_Directions:_
Go to the line that contains "ئەمیرە و خوشکەکەی" in the records below and repeat it, and each line after it, exactly through the end, omitting pictures.

────────

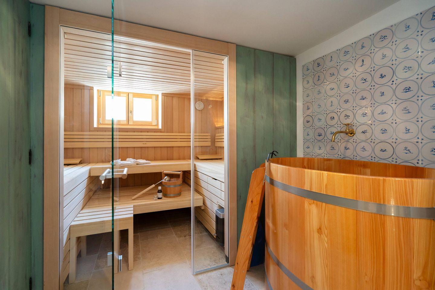 Für Wellness auf höchstem Niveau stehen eine finnische Sauna, ein Infrarotsitz und eine Eisbadtonne inhouse zur Verfügung. Das moderne Heimkino im Untergeschoss verbindet erstklassige Technik mit exklusivem Séparée-Flair – ideal für stimmungsvolle Filmabende. Ebenso im Untergeschoss befinden sich eine Waschmaschine und ein Trockner, die besonders bei längeren Aufenthalten zusätzlichen Komfort bieten.
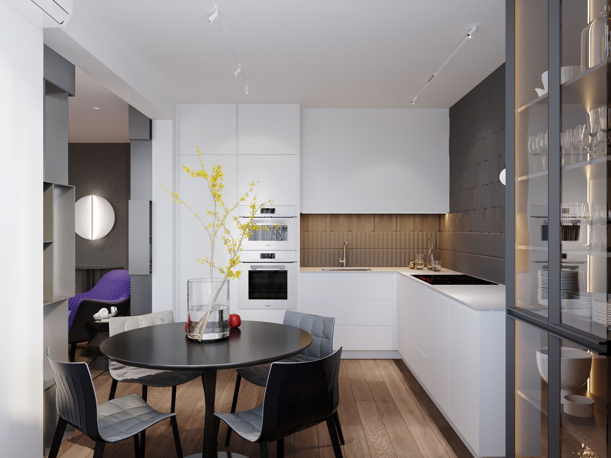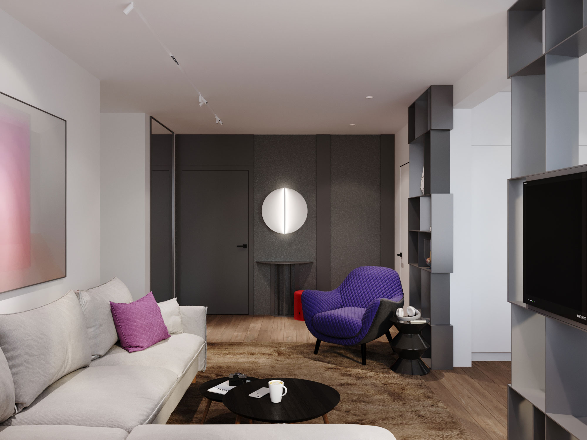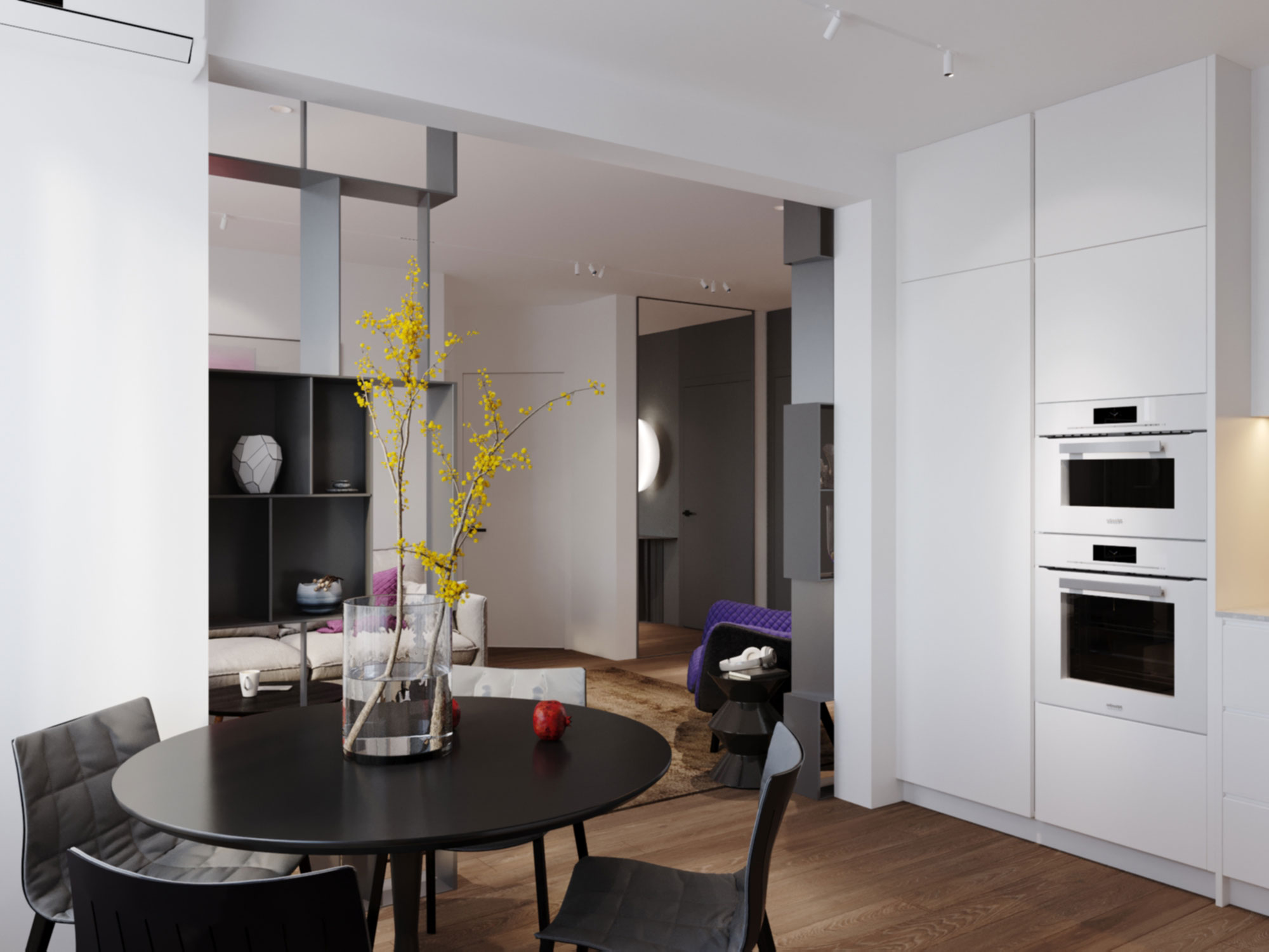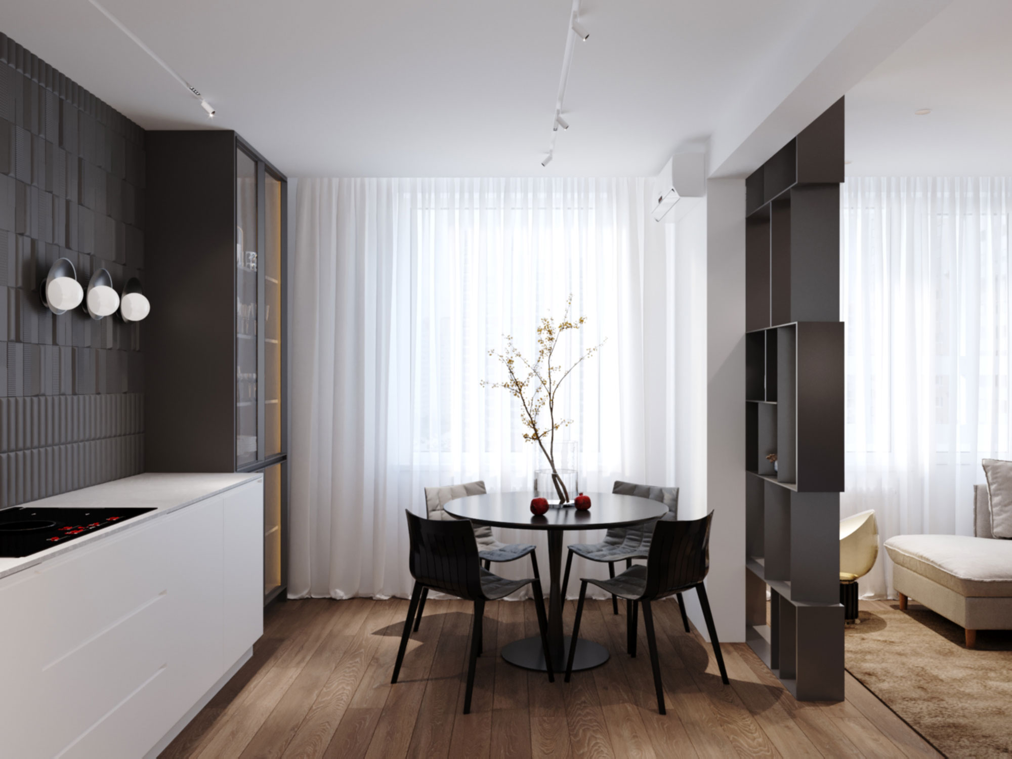 - Integrated storage systems: Compact built-in solutions were added throughout the apartment, preserving the minimalist aesthetic.
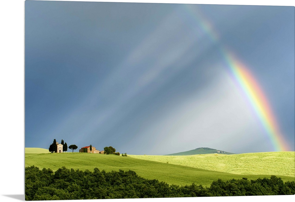 <p>A photograph of a Tuscan countryside bathed in the light streaming from a rainbow.</p>
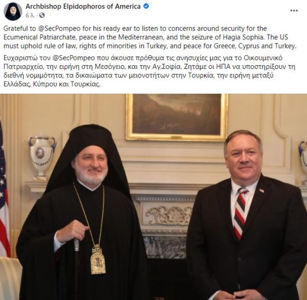 “Ευχαριστώ τον κ. Πομπέο που άκουσε πρόθυμα τις ανησυχίες μας για το Οικουμενικό Πατριαρχείο, την ειρήνη στη Μεσόγειο, και την Αγ.Σοφία. Ζητάμε οι ΗΠΑ να υποστηρίξουν τη διεθνή νομιμότητα, τα δικαιώματα των μειονοτήτων στην Τουρκία, την ειρήνη μεταξύ Ελλάδας, Κύπρου και Τουρκίας” ανέφερε ο Σεβασμιώτατος Αρχιεπίσκοπος Αμερικής κ. Ελπιδοφόρος σε επίκαιρη ανάρτησή του, μετα τη συνάντηση του με τον Υπουργό Εξωτερικών των Ηνωμένων Πολιτειών, κ. Μάικ Πομπέο, κατά το πρωινό της 24ης Σεπτεμβρίου.
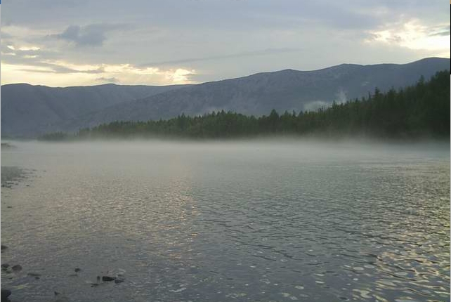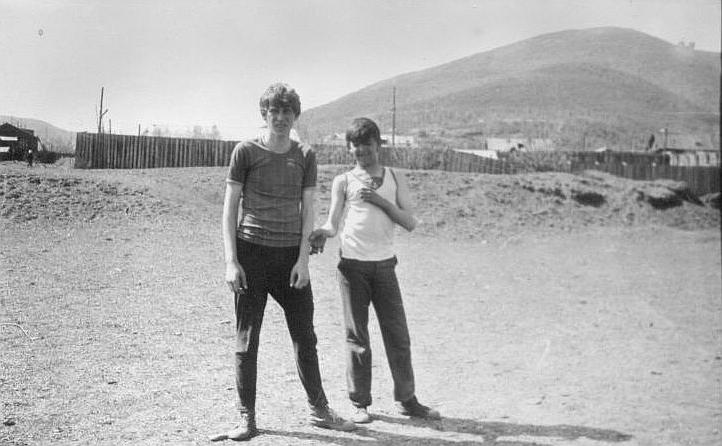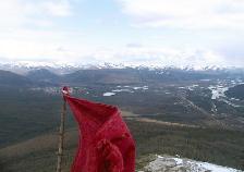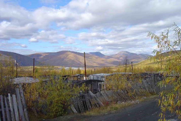 001 Поселок Ыныкчан. За горой,на другом склоне площадка "Милана". Сопка эта метров 400-450 высотой, называли ее "Маяк". Фотография сделана с сопки "Три Богатыря" |
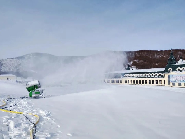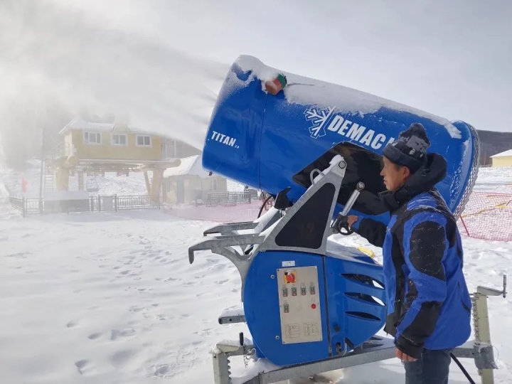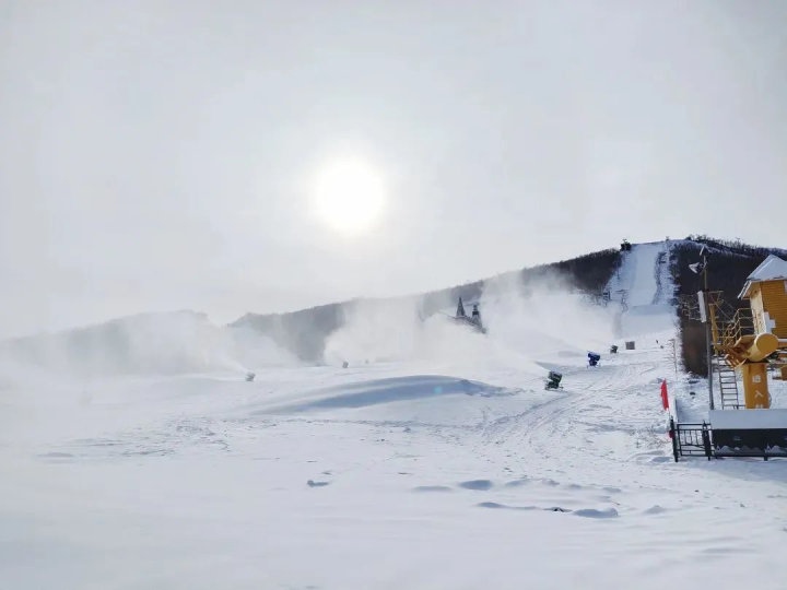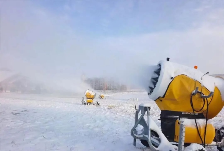 位于赤峰市喀喇沁旗的美林谷滑雪場在11月6日下午3點開機造雪,共布造雪機40臺。從炮筒周圈噴出的水霧,在雪炮扇葉攪動的大風(fēng)加持下立刻凝結(jié)成雪霧和冰霜,被吹到7-8米遠的地上,只過了不到半分鐘,雪炮正前方就凝結(jié)出了一條潔白的雪道。美林谷滑雪場“十四冬”賽道長550米,寬55米,造雪厚度1米,造雪工作將根據(jù)氣候濕度等條件進行相應(yīng)調(diào)整,預(yù)計造雪時間為45至48天,12月中旬將造完40萬平方米雪。
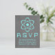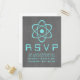 Cute and nerdy Atomic Chalkboard Wedding Response Card featuring a simple atomic symbol in turquoise on a chalkboard look background. This geeky and fun wedding RSVP postcard is perfect for the science enthusiast couple! Easy to customise, simply add the details of your wedding in the spaces provided. Click "Customise It" to find more personalisation options.
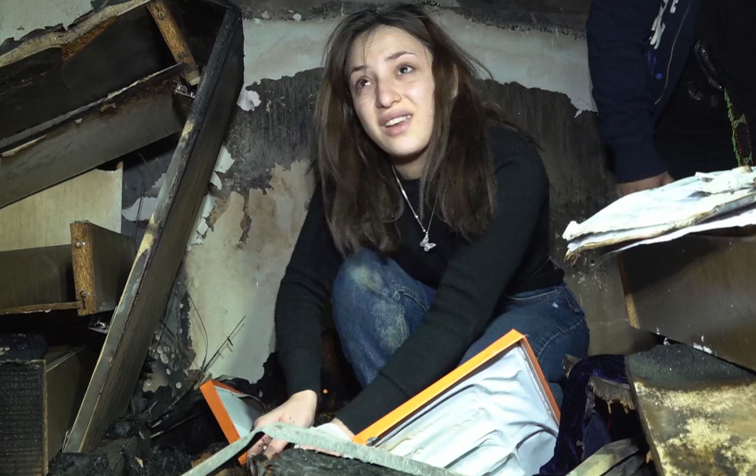 ئەمیرە و خوشکەکەی و دایکی و براکەی دوای گەڕانەوەیان لە دادگە بۆئەوەی سکاڵا لەسەر هاوژینەکەی ئەمیرە تۆمەتبار بکەن گەڕانەوە سەر ماڵە سوتاوەکەیان.
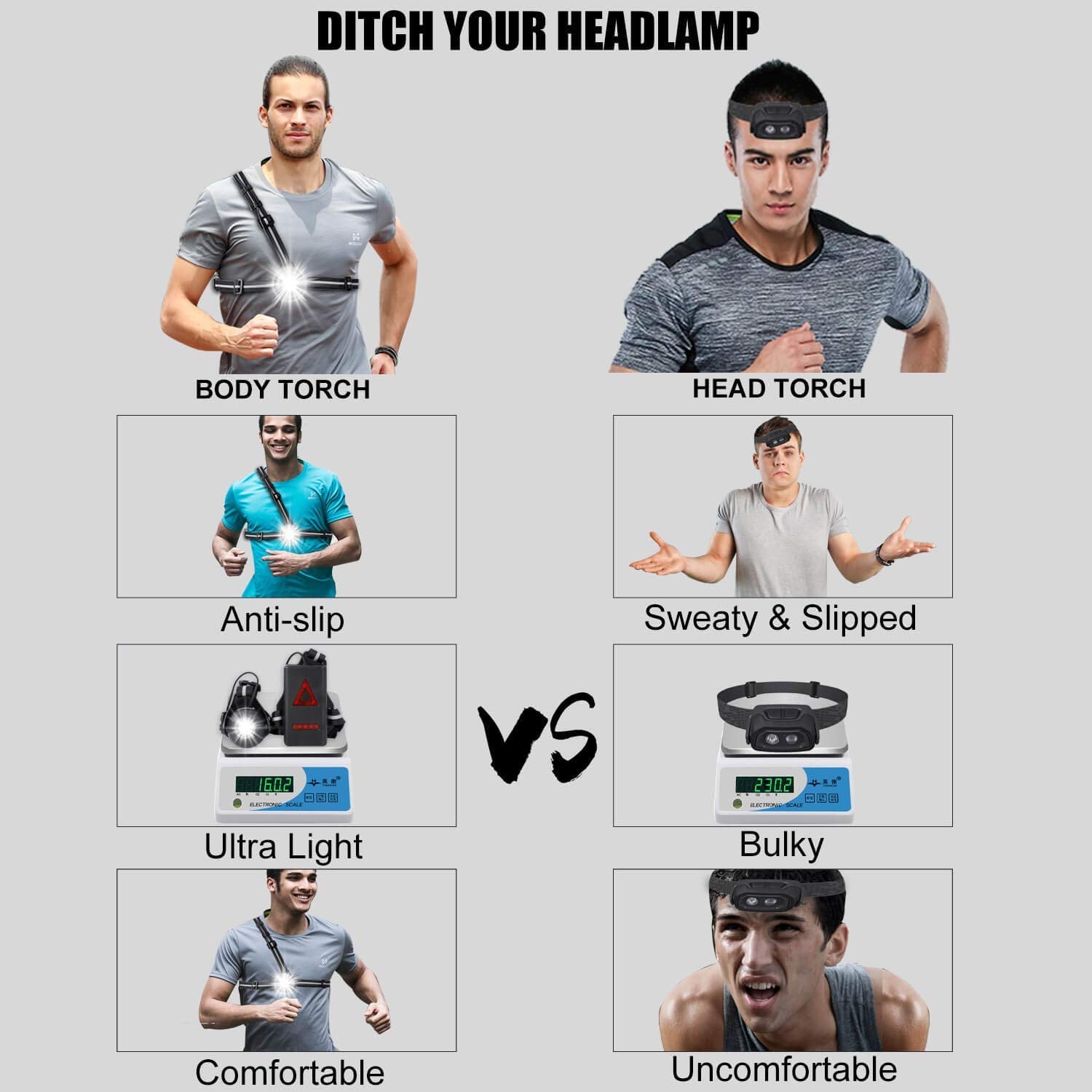 Powerful LED Running Light & 3 lighting modes 250 lumens of power which guarantees visibility from 0 to 20 meters. A cool white LED lighting on the front and there are 3 lighting positions of this running lamp: high, medium, strobe (strobe) on the front and the LED lamp also has 8 red LED flashing lights on the back for protect your safety. Adjustable Strap & Comfortable to WearWith the adjustable length strap with elasticity, Sport Lighting allows you to adjust your height, easier to carry than a headlamp. The lamp is easy to place on your chest freeing your hands and once well positioned there is absolutely no embarrassment to walk around
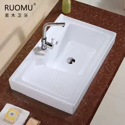 Ruomu bathroom laundry pool Balcony laundry basin Basin with washboard Hand wash basin Deep groove ceramic laundry basin
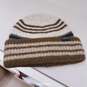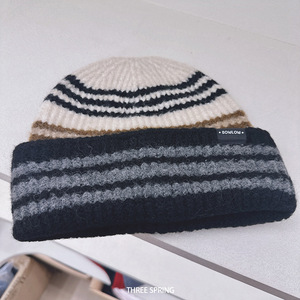 批发韩国2025年秋冬新款美拉德条纹大版针织帽大头围显脸小毛线帽
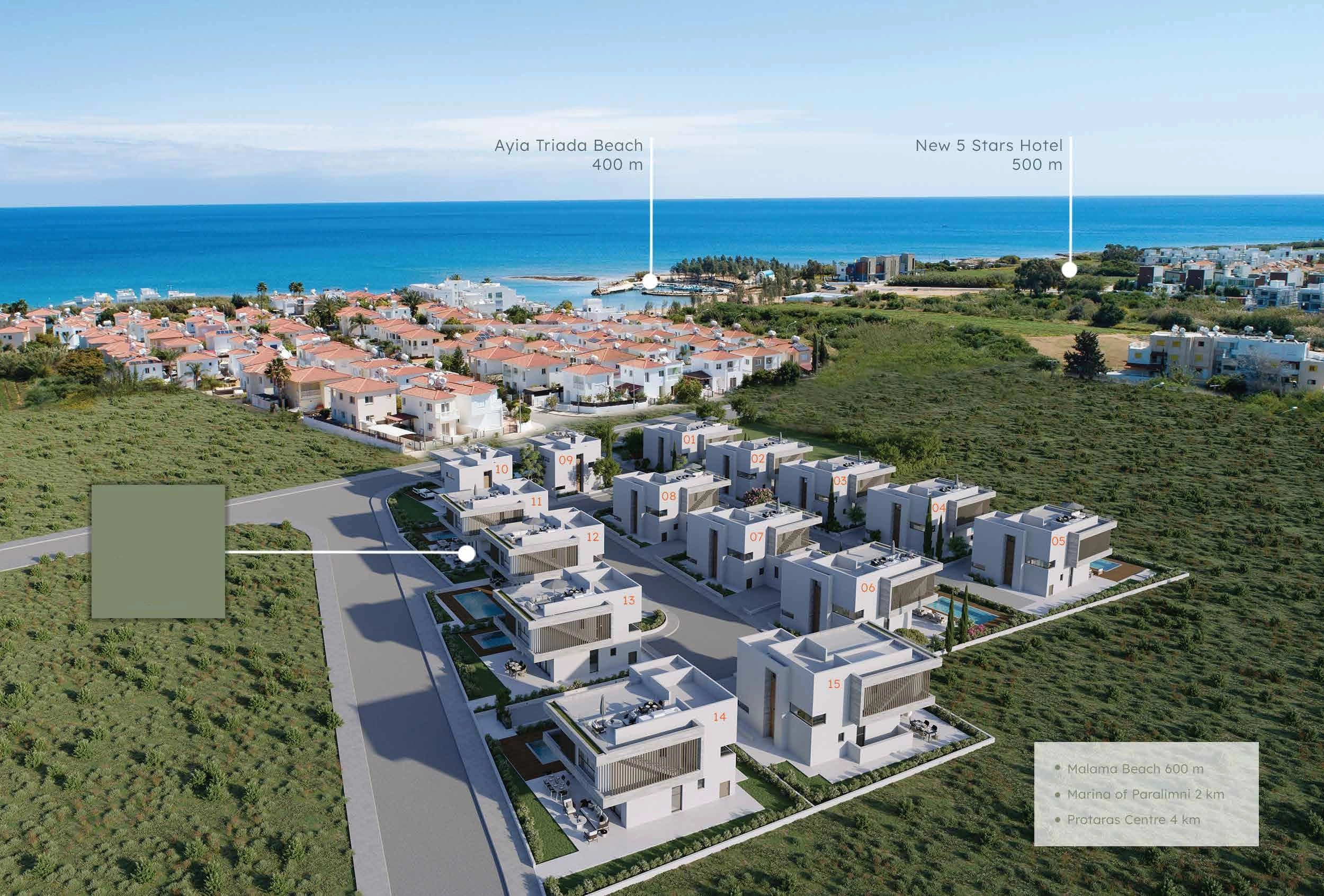 Nestled between the picturesque beaches of Malama and Ayia Triada, this residential complex offer an array of 36 modern villas in 4 phases. Choose from 3 and 4 bedroom reasonably priced villas, all of which boast spacious modern living spaces, private swimming pools and quality finishes.

────────

_Reply:_
 ئەمیرە و خوشکەکەی و دایکی و براکەی دوای گەڕانەوەیان لە دادگە بۆئەوەی سکاڵا لەسەر هاوژینەکەی ئەمیرە تۆمەتبار بکەن گەڕانەوە سەر ماڵە سوتاوەکەیان.
 Powerful LED Running Light & 3 lighting modes 250 lumens of power which guarantees visibility from 0 to 20 meters. A cool white LED lighting on the front and there are 3 lighting positions of this running lamp: high, medium, strobe (strobe) on the front and the LED lamp also has 8 red LED flashing lights on the back for protect your safety. Adjustable Strap & Comfortable to WearWith the adjustable length strap with elasticity, Sport Lighting allows you to adjust your height, easier to carry than a headlamp. The lamp is easy to place on your chest freeing your hands and once well positioned there is absolutely no embarrassment to walk around
 Ruomu bathroom laundry pool Balcony laundry basin Basin with washboard Hand wash basin Deep groove ceramic laundry basin
 批发韩国2025年秋冬新款美拉德条纹大版针织帽大头围显脸小毛线帽
 Nestled between the picturesque beaches of Malama and Ayia Triada, this residential complex offer an array of 36 modern villas in 4 phases. Choose from 3 and 4 bedroom reasonably priced villas, all of which boast spacious modern living spaces, private swimming pools and quality finishes.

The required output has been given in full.